Rookies got the clean

jobs

walking point

 

Skinning potatoes

slicing onions

in the mess hall

 

In the rear

mostly digging trenches

for the shitter

 

Rolling fifty-five gallon

drums of shit

torching them

 

After a while

torching  came easy

hell, we torched the country


 

 

My Own True Love, War

From the Diary

Within My Head

 

My own true love, War

it never leaves me

it touched me roughly

in my early twenties

swept over me fully

swallowed my youth

it’s there in my diary when I sleep

 

The smell of sulfur,

cordite, napalm

smell of death

my best friend

my own true love, War

brings me camaraderie

it’s there in my diary when I sleep

 

God bless me father

in the middle

of the fight

Lord knows we must

have been right

reruns are on -- each night

it’s there in my diary when I sleep

 

Oh my god, I am half sorry

shot him in the chest and not

the head; he rolled over

shot Fred, dead

see me bent over

weeping

it’s there in my diary when I sleep


 

Guest Speaker

 

It’s always the same questions

perhaps they think with time

the answers will change

 

like the dead aren’t dead

or agent orange really

wasn’t something the

government would do

 

So it’s always

why was Vietnam

so different?

 

sad to think

you can’t tell them

to go to the history books

because the books carry folk-tales

and nowhere is there a

grain of truth

 

So it’s always the same question

 

Who is McNamara

and the answer is

he’s a traitor and a banker

on an international scale

but if you want you can

always go and buy his book

 

But the real question

hasn’t been asked

we’re still in the prelims

the warm-ups

 

like, was it really that hot there

and what did the gooks cook

did you see any tigers hiding

in the elephant grass and was

the grass really good

and why did they call the VC Charlie

and what’s a monsoon?

 

and now

ladies and gentlemen

the main event

this is what the prelims

lead up to

because the question is always

the same

 

How many people did you kill?

 

And always I wonder

which will be the hardest hole

to fill

the one in my heart

or the one that waits on the hill

 
 

Of Common Ground

 

I want to write, but my inkwell

            is full of the blues

my pen draws up nothing but bad news

 

I  want to write, oh how I want to write

            but my inkwell dries up with fear

the moment a kind word appears

 

I want to write but my pen is a reminder

            that war is unkind

battles won and lost to men white, red and brown--

 

Men with life in common, men of common ground

 

I want to write, but my ink has turned red

            unsightly on my paper; I keep seeing the dead

forging through a desert or sniping off a roof

 

I want to write to the men who kill other men

            if the truth be told, there is no excuse

Men intricately woven, men of molten steel

 

I want to write, but the vultures are flying over

            Somalia and Bosnia, enticed by the bloody red

of unseeing children's eyes laying dead

 

I want to write to the men who stand on hallowed ground

            where children lost their birthright

and are eaten by buzzards now

 

I want to write, though it seems I've lost the flair of

            candy apple sweetness and saffron air

 

 

A Brief Encounter, Remembrance Day

 

We stopped him briefly

we wanted to say, that is to thank him

for his courage, for not having feet of clay

for his deeds and actions that gave us

Remembrance Day.

His eyes were worn

his skin a leathery gray

a black beret tilted on his hair of gray

his chest heavy with metals from acts committed

during those dark, cold miserable days

days  so hot he thought he was in the center of Hades.

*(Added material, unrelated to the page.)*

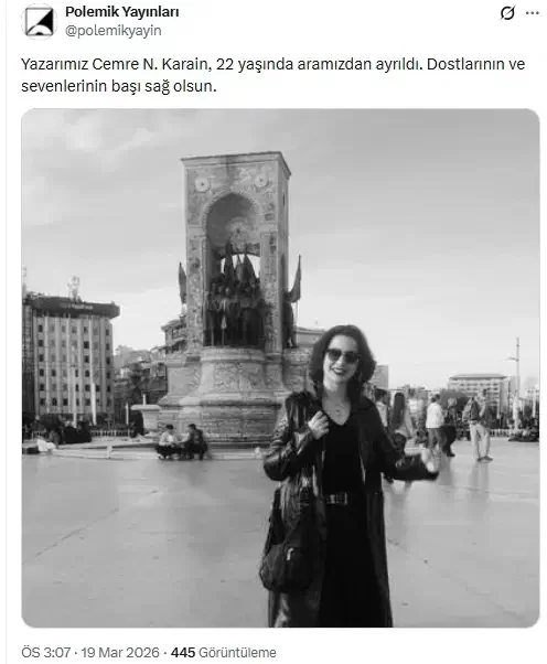 Cemre Nehir Karain'in kaleme aldığı "Şapkamdaki Nar Çiçekleri" adlı şiir kitabını yayımlayan Polemik Yayınevi, sosyal medya hesabı üzerinden yaptığı paylaşımla vefat haberini doğruladı. Yayınevi açıklamasında şu ifadelere yer verdi:

He spied the Red Poppies on our chest

hesitated before he said....

“ The friends that I left behind would be grateful to know

I found a man and woman that know respect

are grateful that they gave their ultimate last breath

to preserve freedom fair

so that they could still pick flowers

linger there in the bright blue crisp air

unhampered by a foreign ideology

that would have changed this countries’ psychology”

He said “ Remembrance Day is different for me

I know the blood that has kept this land free

I love this land this land of freedom.”

As he spoke a tear filled his eye

his shoulder shook quickly then came a wary smile

“ Thank you “ he said,

“ thank you for stopping me and the friends I’ve always kept with me

though you can’t see them they are here

in spirit and I’ve always held them dear”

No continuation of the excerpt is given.